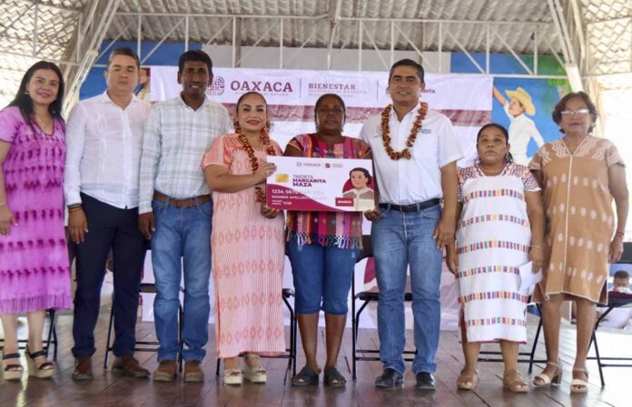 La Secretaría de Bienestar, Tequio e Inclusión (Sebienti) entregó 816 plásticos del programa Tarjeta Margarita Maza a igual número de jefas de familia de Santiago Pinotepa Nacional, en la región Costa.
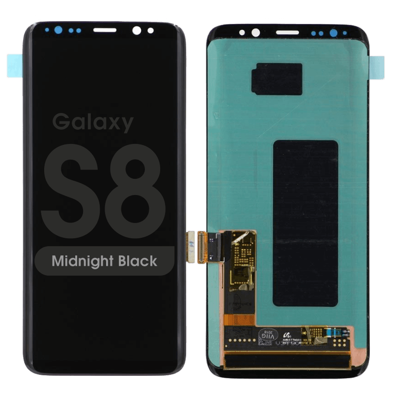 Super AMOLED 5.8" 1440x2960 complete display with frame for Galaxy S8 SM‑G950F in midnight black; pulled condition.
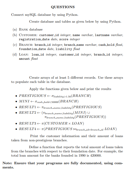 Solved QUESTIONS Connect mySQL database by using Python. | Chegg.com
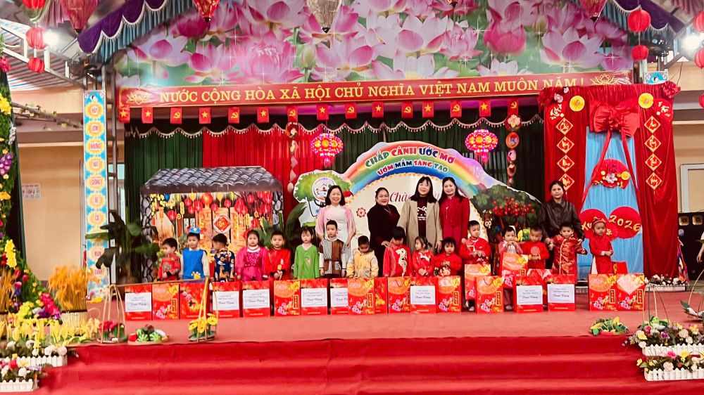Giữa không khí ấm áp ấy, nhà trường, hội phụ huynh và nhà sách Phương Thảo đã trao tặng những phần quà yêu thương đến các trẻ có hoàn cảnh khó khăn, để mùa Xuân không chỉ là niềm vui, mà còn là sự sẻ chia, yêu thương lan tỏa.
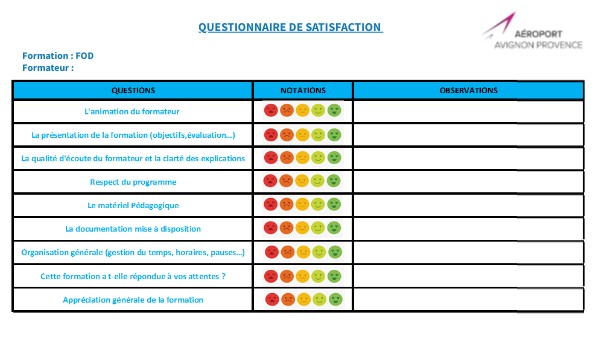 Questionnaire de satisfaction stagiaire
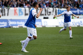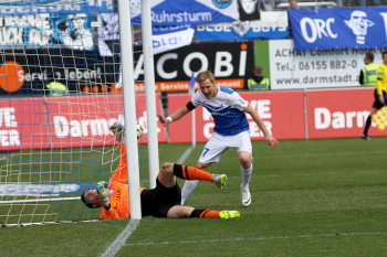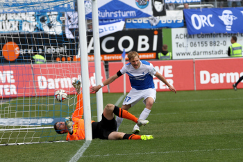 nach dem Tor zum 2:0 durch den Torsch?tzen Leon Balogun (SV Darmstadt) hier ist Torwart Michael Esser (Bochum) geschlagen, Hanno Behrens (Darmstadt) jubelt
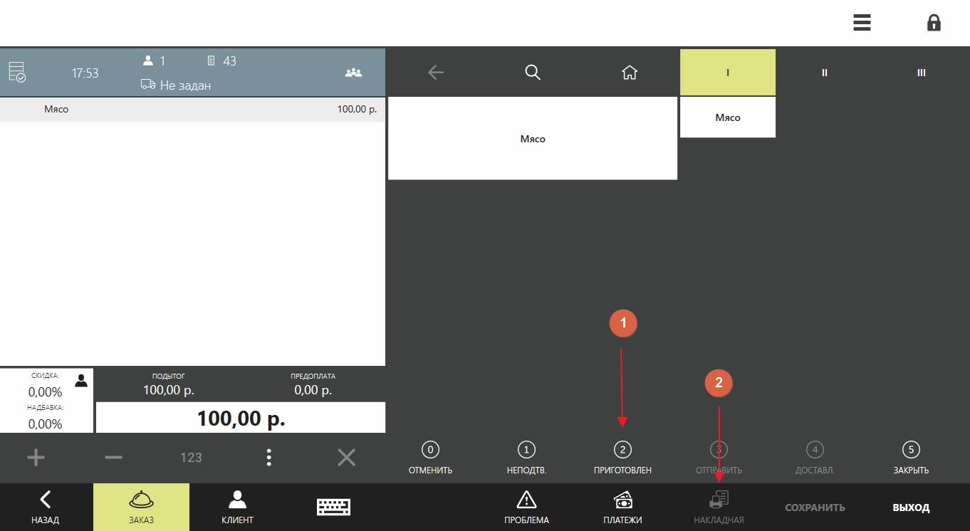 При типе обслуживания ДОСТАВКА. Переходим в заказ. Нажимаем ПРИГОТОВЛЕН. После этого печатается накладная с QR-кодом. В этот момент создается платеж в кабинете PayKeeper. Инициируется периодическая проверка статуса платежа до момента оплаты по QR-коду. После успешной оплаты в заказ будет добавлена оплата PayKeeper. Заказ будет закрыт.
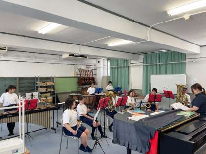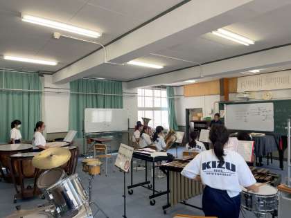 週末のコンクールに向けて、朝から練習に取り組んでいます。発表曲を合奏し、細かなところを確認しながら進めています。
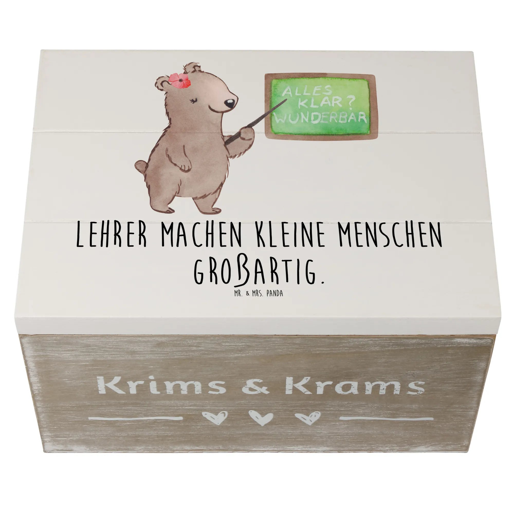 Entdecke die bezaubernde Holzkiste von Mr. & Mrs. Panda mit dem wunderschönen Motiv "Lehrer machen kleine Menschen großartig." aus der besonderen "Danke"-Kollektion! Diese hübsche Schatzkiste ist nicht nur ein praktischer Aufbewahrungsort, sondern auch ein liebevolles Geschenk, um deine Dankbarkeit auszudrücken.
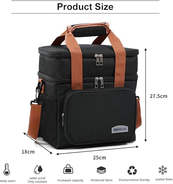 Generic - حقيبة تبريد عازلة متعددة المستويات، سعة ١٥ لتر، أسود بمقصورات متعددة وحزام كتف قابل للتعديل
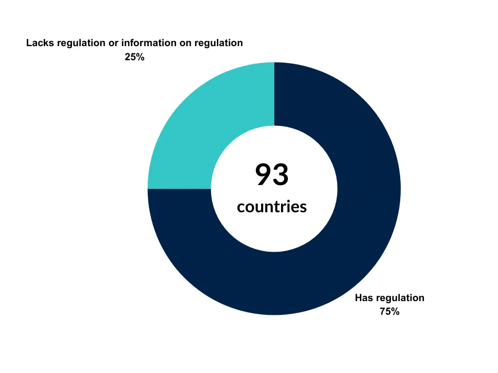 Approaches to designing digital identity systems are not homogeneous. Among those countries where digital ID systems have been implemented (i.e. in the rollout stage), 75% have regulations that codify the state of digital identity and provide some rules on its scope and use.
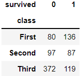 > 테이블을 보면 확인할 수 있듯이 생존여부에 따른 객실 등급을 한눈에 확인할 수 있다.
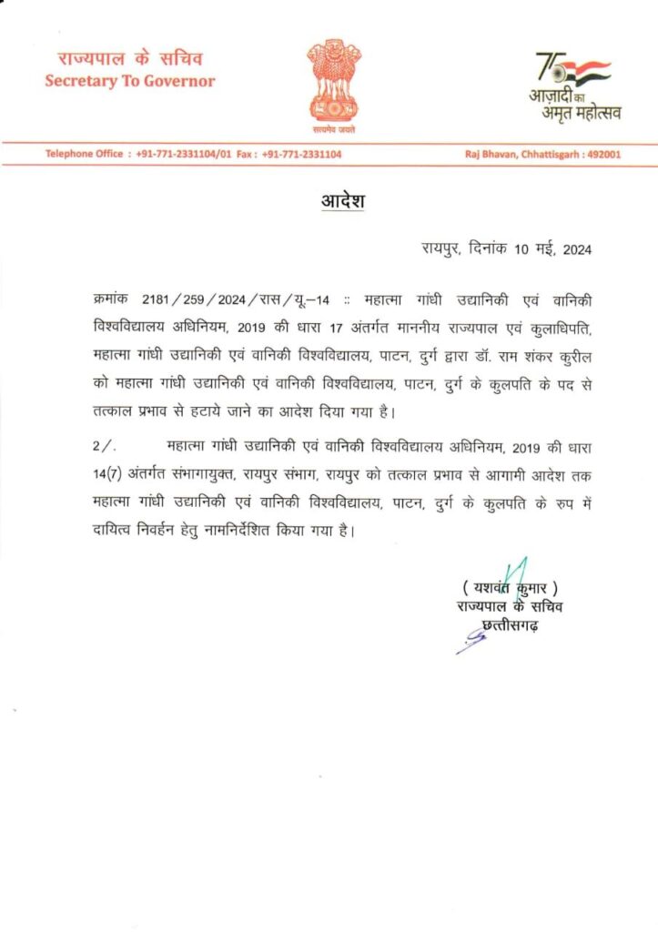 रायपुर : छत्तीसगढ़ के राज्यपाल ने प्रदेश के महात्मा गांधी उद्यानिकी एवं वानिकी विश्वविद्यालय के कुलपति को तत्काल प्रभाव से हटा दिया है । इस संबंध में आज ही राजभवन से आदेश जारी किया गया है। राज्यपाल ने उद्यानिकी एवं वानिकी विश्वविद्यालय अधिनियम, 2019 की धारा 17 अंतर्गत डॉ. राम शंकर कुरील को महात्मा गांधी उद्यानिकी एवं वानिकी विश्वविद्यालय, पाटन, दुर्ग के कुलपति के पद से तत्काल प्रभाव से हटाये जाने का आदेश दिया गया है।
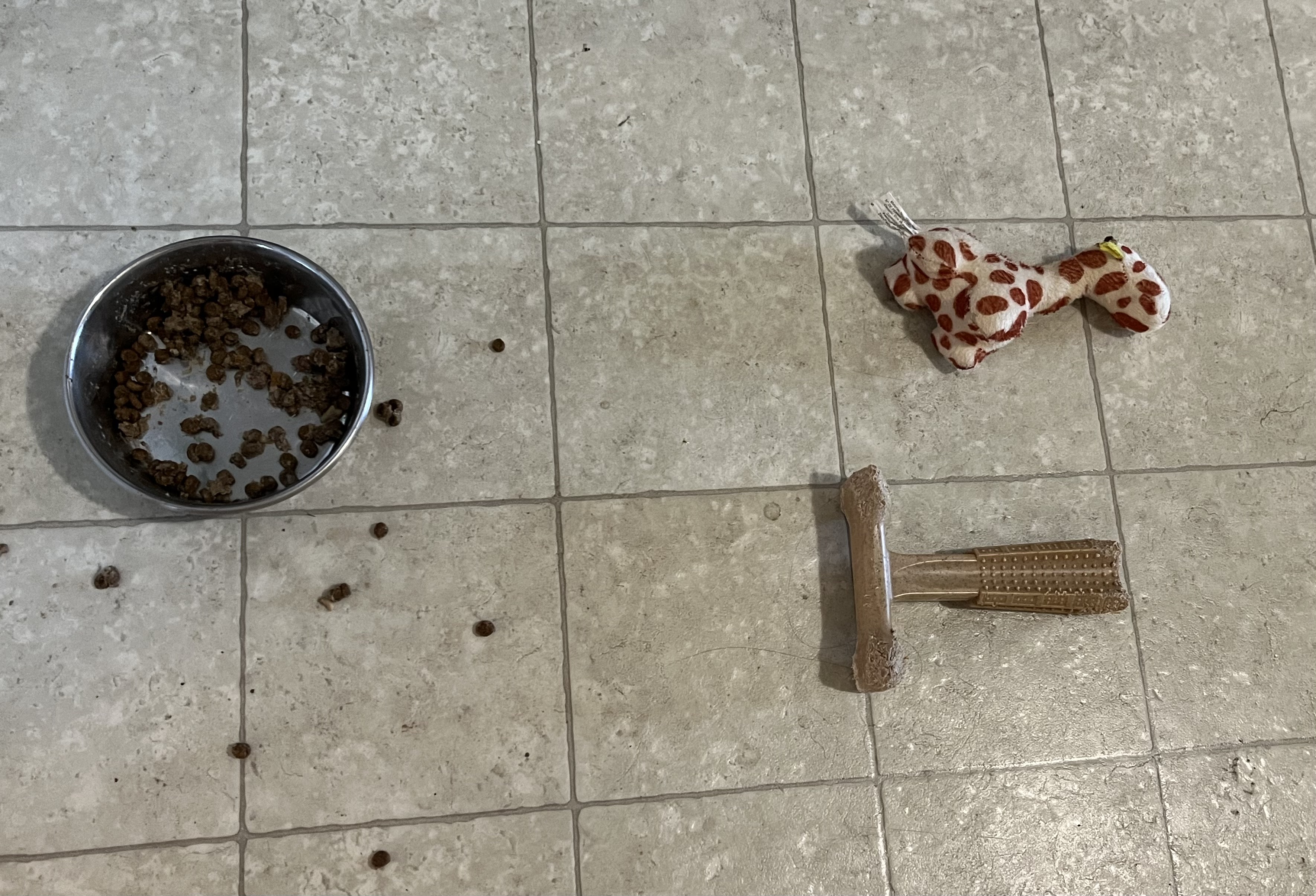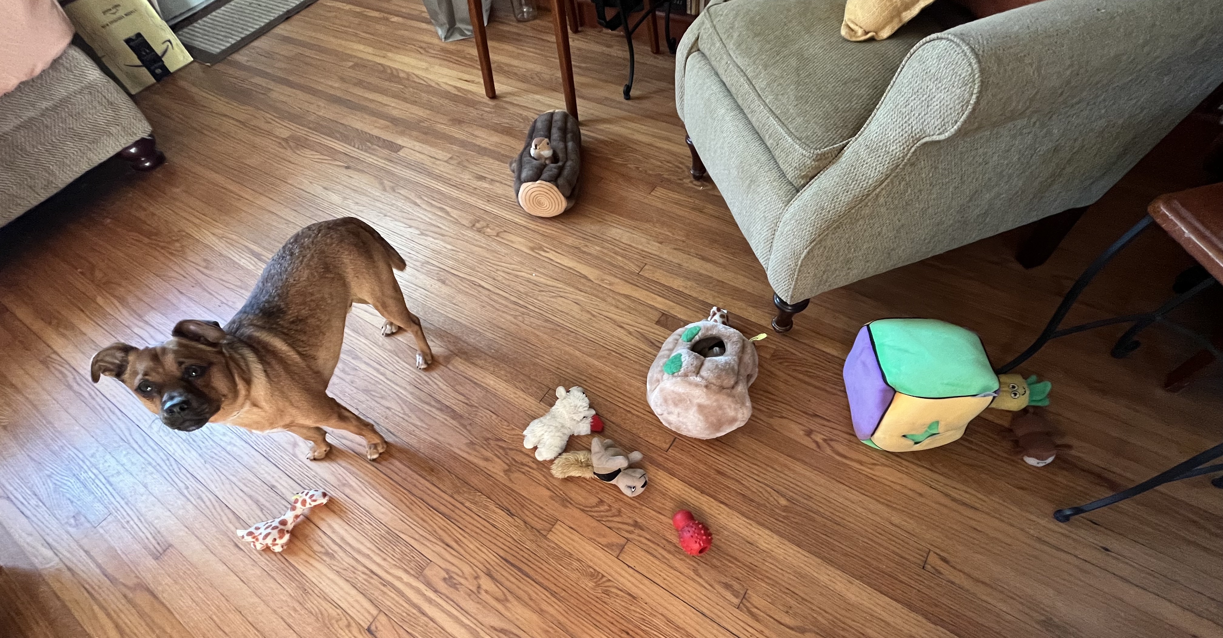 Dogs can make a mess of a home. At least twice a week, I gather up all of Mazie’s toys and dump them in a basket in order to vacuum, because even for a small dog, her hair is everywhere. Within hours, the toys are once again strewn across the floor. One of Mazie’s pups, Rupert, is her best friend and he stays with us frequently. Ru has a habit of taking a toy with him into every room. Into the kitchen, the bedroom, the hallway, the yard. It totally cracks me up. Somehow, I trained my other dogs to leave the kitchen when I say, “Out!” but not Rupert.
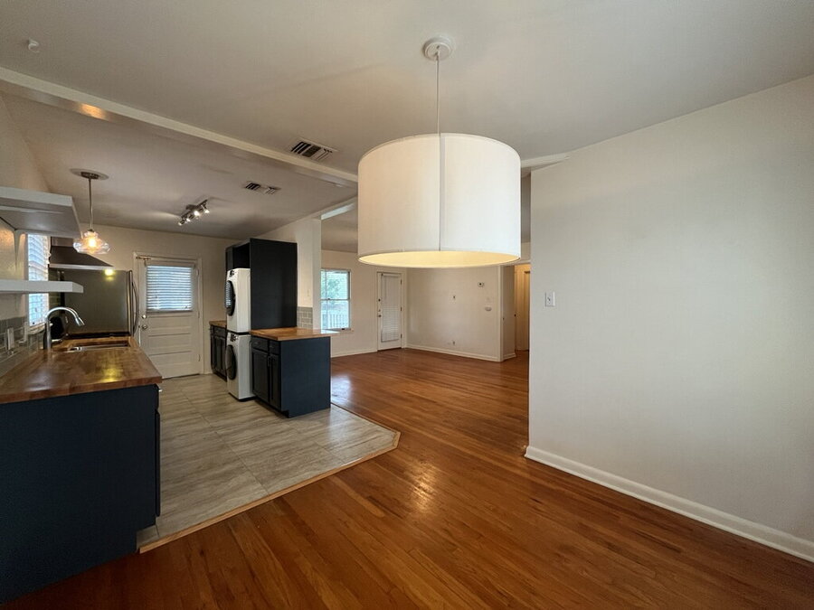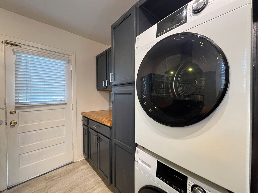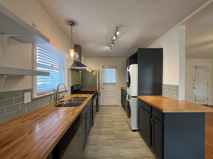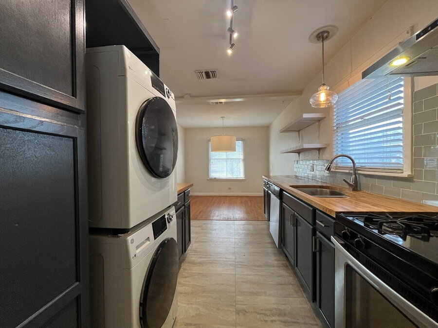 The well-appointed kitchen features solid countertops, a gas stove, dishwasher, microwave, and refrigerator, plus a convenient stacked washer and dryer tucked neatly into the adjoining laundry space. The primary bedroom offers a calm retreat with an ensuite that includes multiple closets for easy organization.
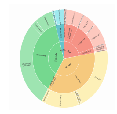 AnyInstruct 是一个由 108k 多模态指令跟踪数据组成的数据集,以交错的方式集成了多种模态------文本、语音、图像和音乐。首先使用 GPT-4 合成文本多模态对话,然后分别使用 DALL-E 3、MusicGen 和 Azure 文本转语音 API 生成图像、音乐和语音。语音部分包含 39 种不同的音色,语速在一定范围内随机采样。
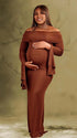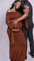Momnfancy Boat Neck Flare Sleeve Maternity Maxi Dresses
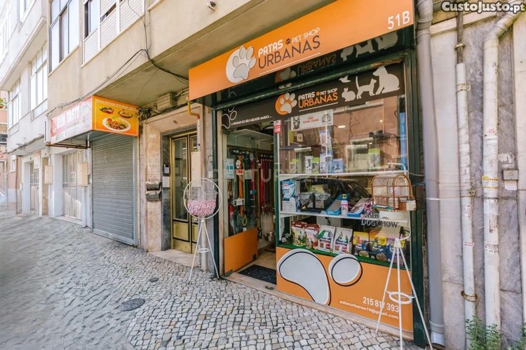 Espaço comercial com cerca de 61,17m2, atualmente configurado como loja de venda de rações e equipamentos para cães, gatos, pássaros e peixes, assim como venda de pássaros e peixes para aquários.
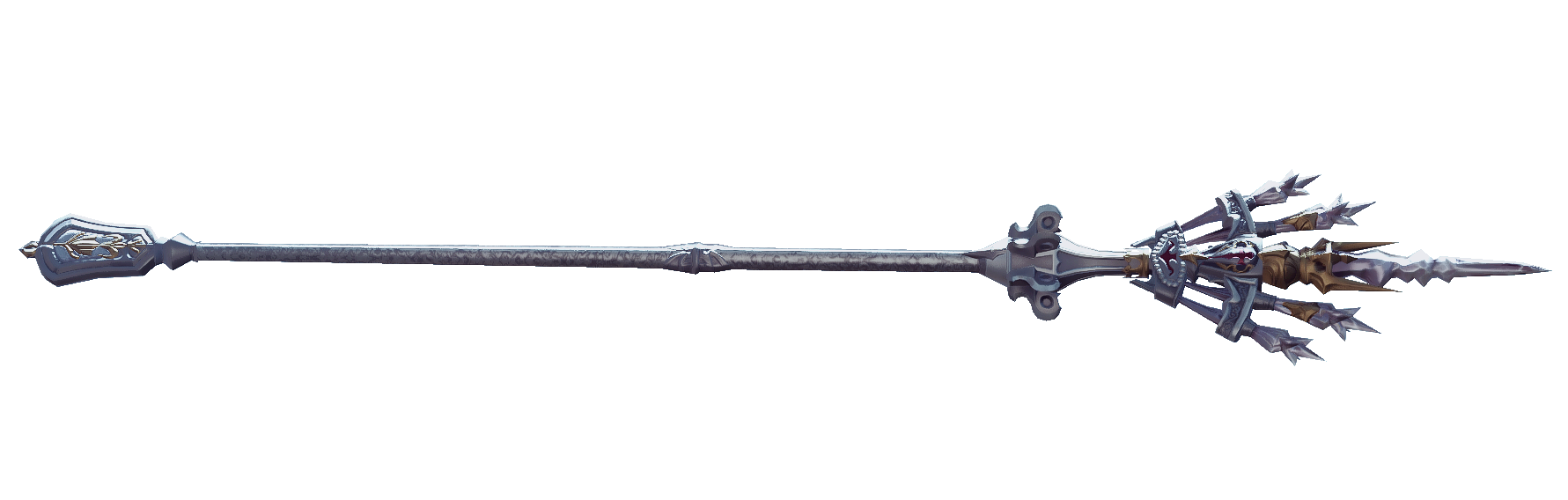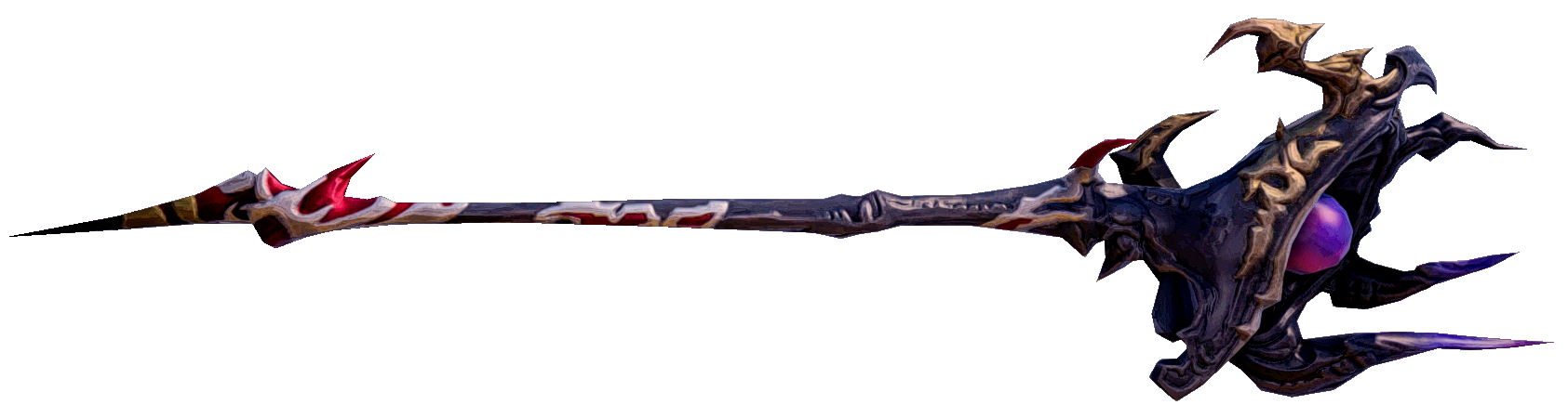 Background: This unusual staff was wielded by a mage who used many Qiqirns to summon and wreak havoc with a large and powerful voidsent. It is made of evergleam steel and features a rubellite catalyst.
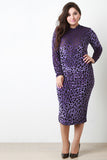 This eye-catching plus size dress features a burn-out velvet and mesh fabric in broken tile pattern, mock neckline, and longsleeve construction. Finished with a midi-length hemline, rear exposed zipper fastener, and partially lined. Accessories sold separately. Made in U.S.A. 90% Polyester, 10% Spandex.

# # # # #

**DESCRIPTION OF THE TASK**
In the data above, find the line with "Solved QUESTIONS Connect" and the line with "nach dem Tor". Please copy exactly those two lines and every line between them, but not the pictures.

**RESULT BELOW**
 Solved QUESTIONS Connect mySQL database by using Python. | Chegg.com
Giữa không khí ấm áp ấy, nhà trường, hội phụ huynh và nhà sách Phương Thảo đã trao tặng những phần quà yêu thương đến các trẻ có hoàn cảnh khó khăn, để mùa Xuân không chỉ là niềm vui, mà còn là sự sẻ chia, yêu thương lan tỏa.
 Questionnaire de satisfaction stagiaire
 nach dem Tor zum 2:0 durch den Torsch?tzen Leon Balogun (SV Darmstadt) hier ist Torwart Michael Esser (Bochum) geschlagen, Hanno Behrens (Darmstadt) jubelt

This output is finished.